チェーンストア経営専門コンサルタント・渥美俊一氏の本。
287ページ。長い!
1926年生まれ(85歳?)、東大法学部卒。
読売新聞社を経て、日本リテイリングセンターを設立し、チェーンストア産業づくりの研究団体ペガサスクラブの主宰者でもある。
簡単に言ってしまえば、ダイエー・イオン・イトーヨーカ堂・西友・しまむらといった、
現在大企業と考えられる数多くの流通・小売を主とした企業を
各社が小さかった頃から先導し、たった半世紀弱で、
日本に現在の形の流通・小売の形を普及させた人。
一般には全く有名ではないが、産業の発達を考えると、とてつもなく偉大な人。
文章自体は、かなり難解
…というよりも、流通・小売の産業に従事していない人間には、常識的な知識・理解がなかなか進まないので、読みづらい。
また、半世紀前から現代までの流通・小売の企業をある程度把握していないと、文章中で書かれている内容がイメージしにくい。
少なくとも、自分は業界の門外漢なので、読みづらいと感じた。
その上、287ページあるので、結構時間かかりました!!
ただ、情報量に関しては、1800円という本の価格からすると、それ以上の価値はある。
雑誌の連載をまとめた本であるため、文章中、内容が重複する箇所が多分に見られ、
また、筆者自身の成果に対する「自信」が随所に見られるため、
巨人のナベツネを、イメージだけで「老害」と判断してしまう人には、
若干イラっとくる文章かもしれない。
(つまり、表面的な部分だけで他人を判断する人には不向きということ)
しかし、現代までの成果とそれに至るプロセス、現状の課題やその原因などに関して、
しっかりと指摘されており、その意味では、
日本の流通・小売産業の勃興における歴史的背景や裏事情などから、
この半世紀に起こってきたことまでをカバーする総合的な解説書としては、
非常に内容の濃い一冊だと思う。
渥美氏が指摘しているように、流通・小売産業は、
世界的に見た時、発展するのに非常に長い時間がかかるのが普通であり
また、日本には日本の商習慣という独特の事情があることが産業発展の障害ともなり得たが、
その事情を勘案しても、半世紀以内という短期間で現状の形を達成できたことは、
まさに「流通革命」と言っても言い過ぎではないのだと思う。
詳細な各論・原因分析などについては、再読の上で理解していきたいと思う。
この本の中で、渥美氏が一貫して説いているのは、
「日本人に真の豊かさを提供するために、流通・小売産業とはいかにあるべきか」
という視点であり、また、
「商業は国民の生活と日常の暮らしを守り、豊かにしていく一番重要な産業である」
という信念である。
その視点と信念に基づいて、渥美氏は、
日本にアメリカ的チェーンストアを導入し、商品の価格破壊を行ってきたわけだが、
それは一方では正しく、また一部では限界もあるというのが自分なりの考えである。
それは、現状の世界中での社会の行き詰まりが、
渥美氏が模範としてきたアメリカ的モデルの限界にある程度起因しているのではないか思うからである。

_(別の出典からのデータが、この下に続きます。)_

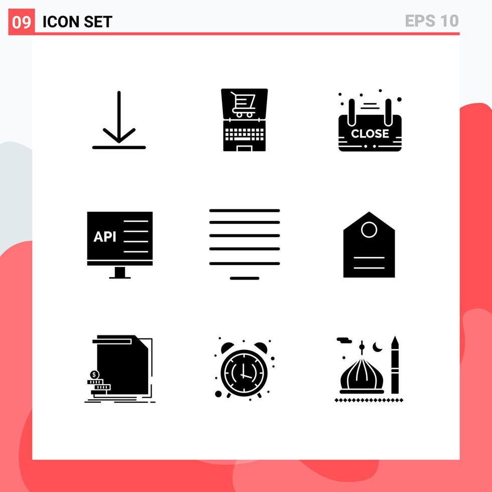 9 concepto de glifo sólido para sitios web móviles y aplicaciones alinear desarrollar elementos de diseño vectorial editables de aplicaciones de computadora de placa vector

しかし、渥美氏が指摘するように、彼が導入してきた「流通革命」が完璧な状態で社会に定着しているわけではない。
また、この流通・小売だけが、社会の全ての幸福を担保するものでもない。
とすれば、我々に課せられた今後の課題は、
「真の豊かさ」という視点に沿った、より完璧な形の商業の在り方を作っていくことである。
また、流通・小売が、一般に低賃金になりやすいのは、
結局のところ、こうした産業が、社会の中で大切な産業であるという認識が乏しく、
また人材が集まらないために、産業として未成熟のままであるという事情も読み取れた。
個人的に、流通・小売に直接従事する人間ではないが、自分の仕事の中で、
以上のような視点を新たに取り入れていくことが必要だと感じた。